As per a CNBC-TV18 poll, the company's revenue growth is likely to be only 2% due to a decline in volumes on a year-on-year basis. Revenue, as per the poll, is seen at ₹17,532 crore.
For the September quarter, Hyundai Motor India's volumes declined 1% from last year, but increased 6% sequentially.
Net profit for the period may increase by 10% to ₹1,518 crore, while Earnings Before Interest, Tax, Depreciation and Amortisation (EBITDA) may increase by 8% year-on-year to ₹2,380 crore.
EBITDA margins may expand by 80 basis points to 13.6% from 12.8% last year. Margin expansion is likely to be kept in check due to higher discounts.
The higher discounts may also weigh on the company's realisations, but the impact could be partly offset due to the cost control measures taken by the company.

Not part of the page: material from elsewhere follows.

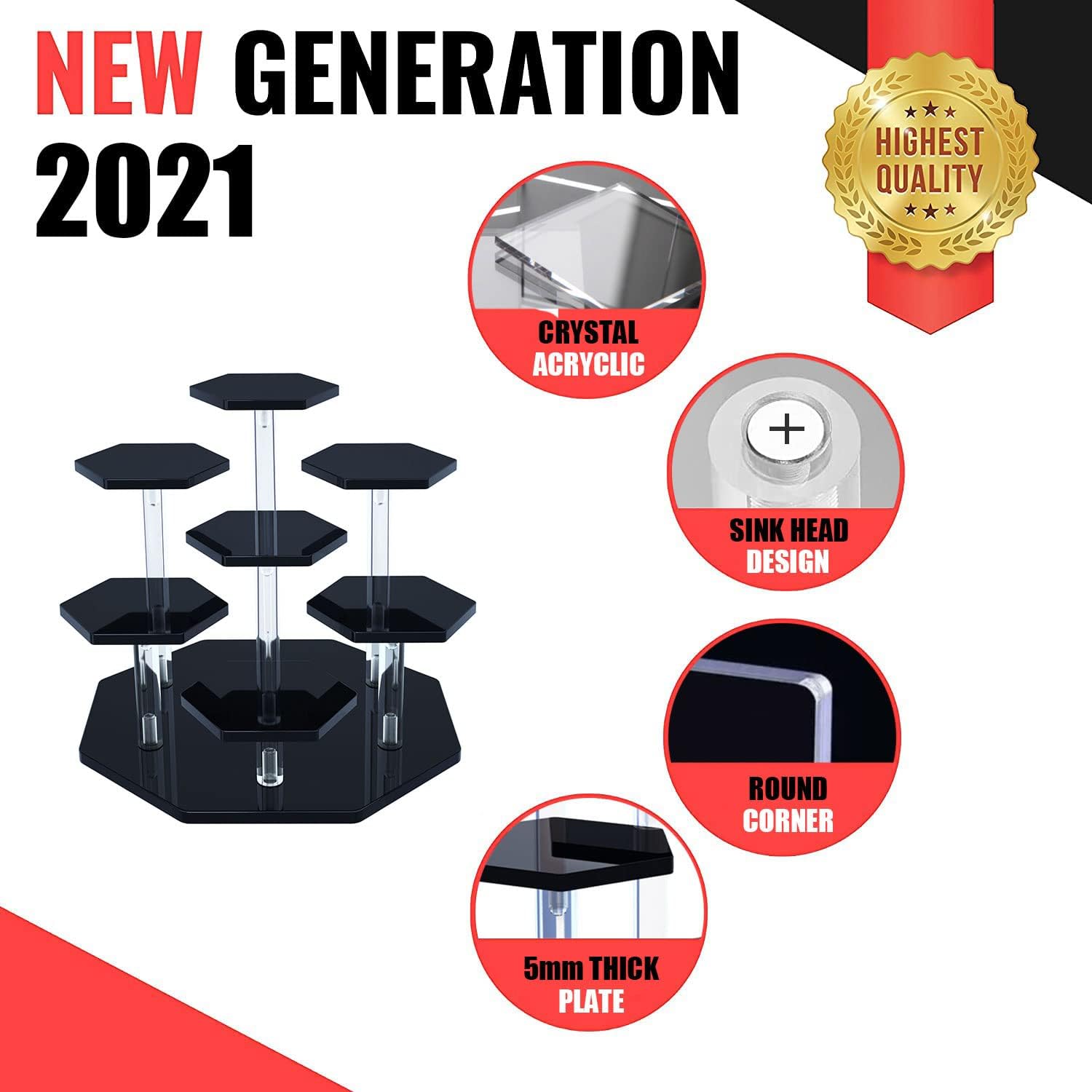Acrylic Display Stand for Figures, Collectibles, Toys and Dolls, Jewelry, Action Figures Collection Organizer Holder, Collectibles Stand, Cosmetic Items Risers, 7-Tier. (Black)

Realisations are also likely to be aided by a SUV-skewed product mix.
Sales strategy for the EV portfolio, demand outlook, and new product timelines are some key aspects that the street would want clarity from the management.
Shares of Hyundai Motor India have given up early gains and are now trading 0.6% lower ahead of the earnings announcement at ₹2,343.9. At ₹27,870 crore, Hyundai Motor India remains India's biggest IPO till date.